▶ _THE DATA_
- Opening Delimiter -

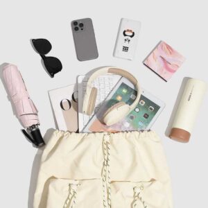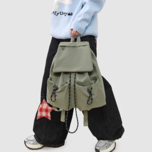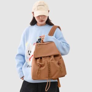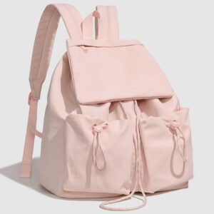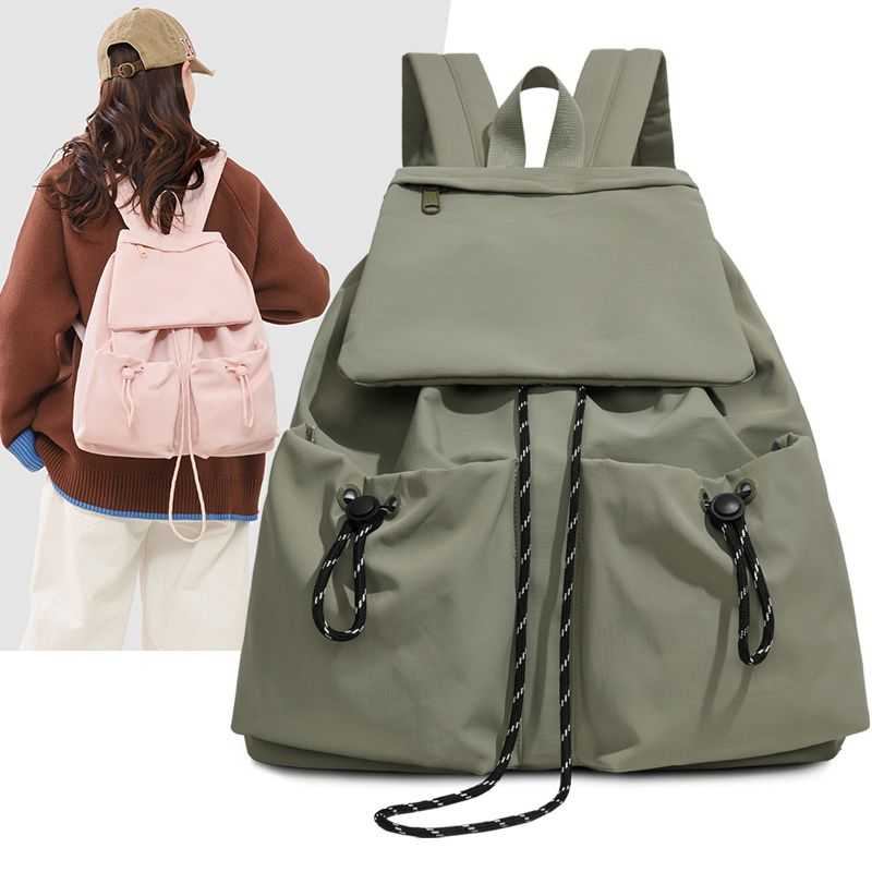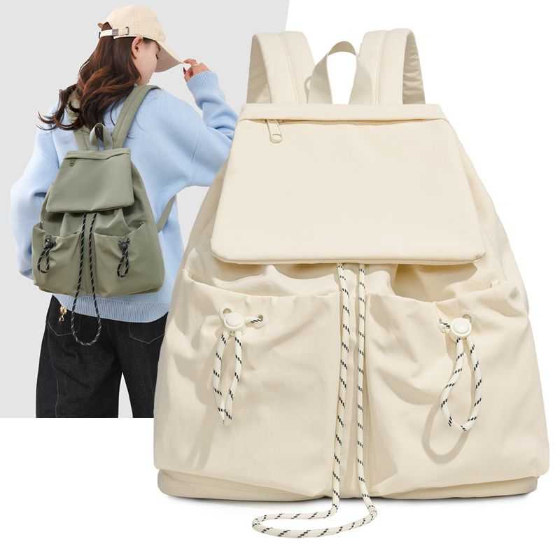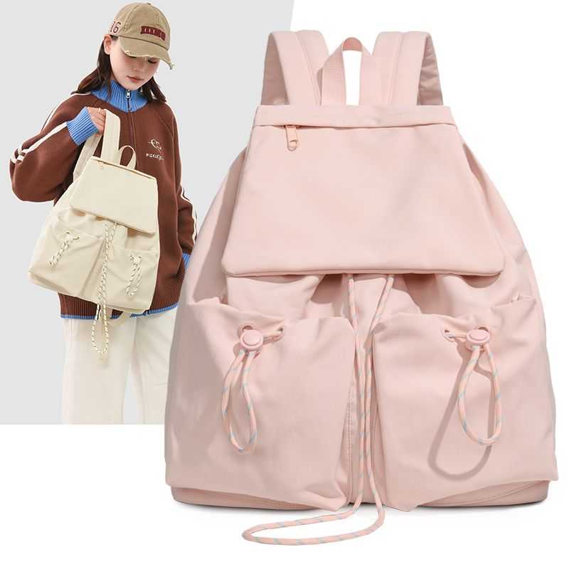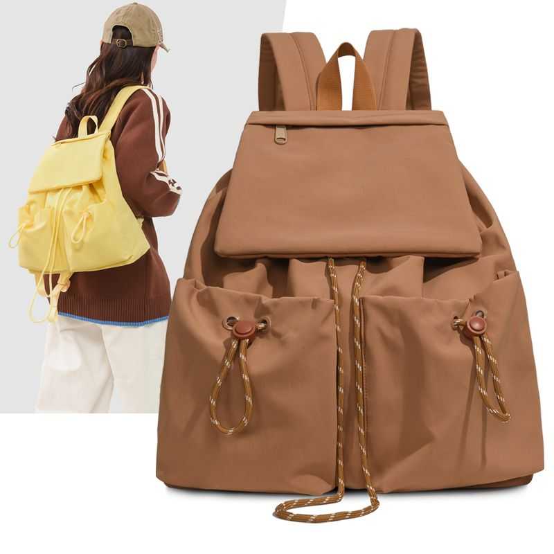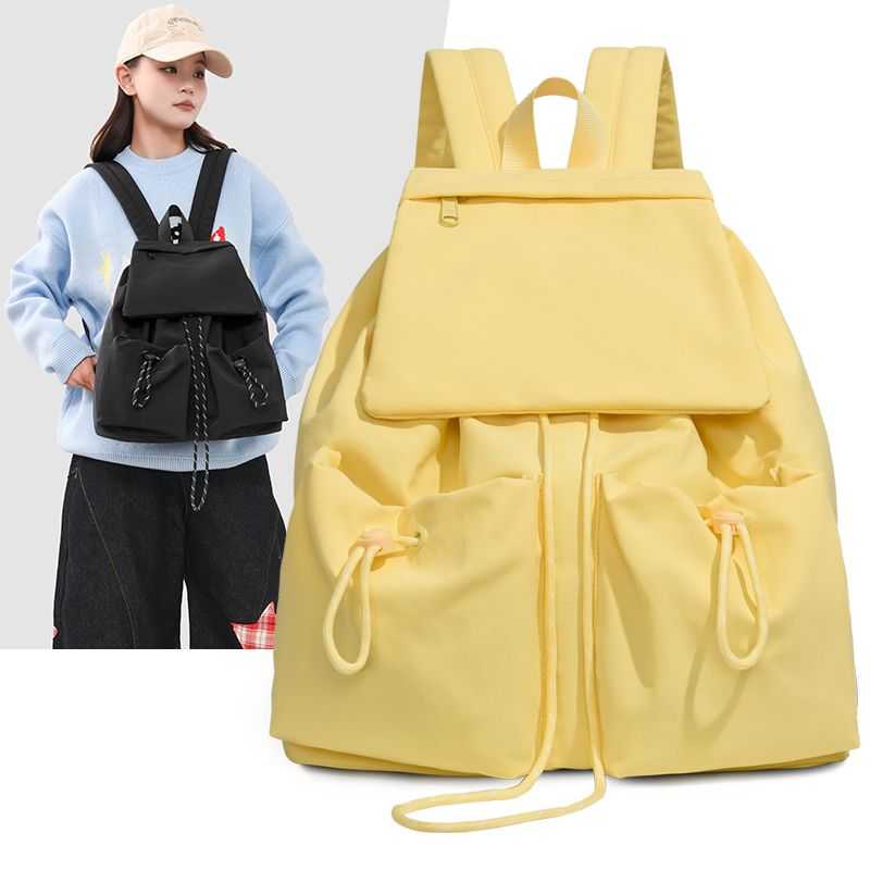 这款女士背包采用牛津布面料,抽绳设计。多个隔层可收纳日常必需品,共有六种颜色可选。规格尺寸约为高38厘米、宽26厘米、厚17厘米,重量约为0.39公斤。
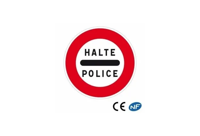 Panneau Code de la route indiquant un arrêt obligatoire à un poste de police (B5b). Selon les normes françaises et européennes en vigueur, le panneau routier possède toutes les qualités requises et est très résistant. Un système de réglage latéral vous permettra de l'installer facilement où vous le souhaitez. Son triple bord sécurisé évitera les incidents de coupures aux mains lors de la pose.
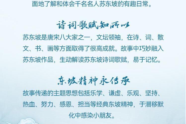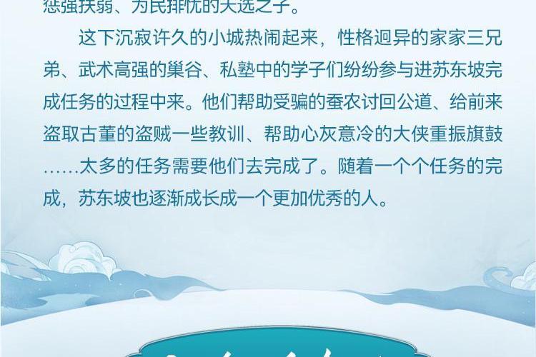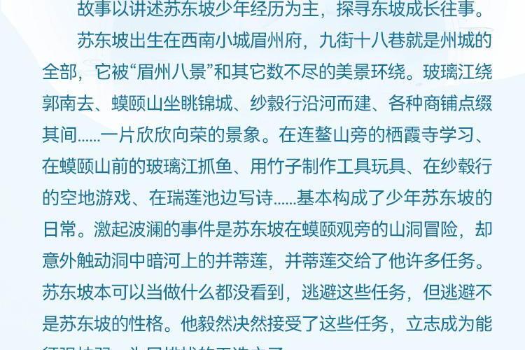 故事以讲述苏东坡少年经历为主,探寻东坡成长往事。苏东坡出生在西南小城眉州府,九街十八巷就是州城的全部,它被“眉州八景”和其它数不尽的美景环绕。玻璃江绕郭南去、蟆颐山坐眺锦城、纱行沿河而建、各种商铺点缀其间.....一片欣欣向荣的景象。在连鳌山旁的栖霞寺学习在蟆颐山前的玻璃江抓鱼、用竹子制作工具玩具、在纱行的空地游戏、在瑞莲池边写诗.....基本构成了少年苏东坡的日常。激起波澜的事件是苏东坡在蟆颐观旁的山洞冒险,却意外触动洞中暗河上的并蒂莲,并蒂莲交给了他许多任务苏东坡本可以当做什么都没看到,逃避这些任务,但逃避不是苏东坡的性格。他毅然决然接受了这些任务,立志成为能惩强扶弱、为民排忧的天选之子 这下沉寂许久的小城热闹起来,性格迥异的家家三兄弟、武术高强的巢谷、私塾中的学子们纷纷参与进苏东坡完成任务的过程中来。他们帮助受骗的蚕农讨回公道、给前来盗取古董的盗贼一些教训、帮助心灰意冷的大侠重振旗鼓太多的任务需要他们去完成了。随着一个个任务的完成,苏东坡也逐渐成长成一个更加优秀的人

- Closing Delimiter -

▶ _DIRECTIONS_
Write the lines out word for word, starting at the one with "Panneau Code de" and stopping after the last line of the material above, with pictures excluded.

▶ _EXPECTED OUTPUT_
 Panneau Code de la route indiquant un arrêt obligatoire à un poste de police (B5b). Selon les normes françaises et européennes en vigueur, le panneau routier possède toutes les qualités requises et est très résistant. Un système de réglage latéral vous permettra de l'installer facilement où vous le souhaitez. Son triple bord sécurisé évitera les incidents de coupures aux mains lors de la pose.
 故事以讲述苏东坡少年经历为主,探寻东坡成长往事。苏东坡出生在西南小城眉州府,九街十八巷就是州城的全部,它被“眉州八景”和其它数不尽的美景环绕。玻璃江绕郭南去、蟆颐山坐眺锦城、纱行沿河而建、各种商铺点缀其间.....一片欣欣向荣的景象。在连鳌山旁的栖霞寺学习在蟆颐山前的玻璃江抓鱼、用竹子制作工具玩具、在纱行的空地游戏、在瑞莲池边写诗.....基本构成了少年苏东坡的日常。激起波澜的事件是苏东坡在蟆颐观旁的山洞冒险,却意外触动洞中暗河上的并蒂莲,并蒂莲交给了他许多任务苏东坡本可以当做什么都没看到,逃避这些任务,但逃避不是苏东坡的性格。他毅然决然接受了这些任务,立志成为能惩强扶弱、为民排忧的天选之子 这下沉寂许久的小城热闹起来,性格迥异的家家三兄弟、武术高强的巢谷、私塾中的学子们纷纷参与进苏东坡完成任务的过程中来。他们帮助受骗的蚕农讨回公道、给前来盗取古董的盗贼一些教训、帮助心灰意冷的大侠重振旗鼓太多的任务需要他们去完成了。随着一个个任务的完成,苏东坡也逐渐成长成一个更加优秀的人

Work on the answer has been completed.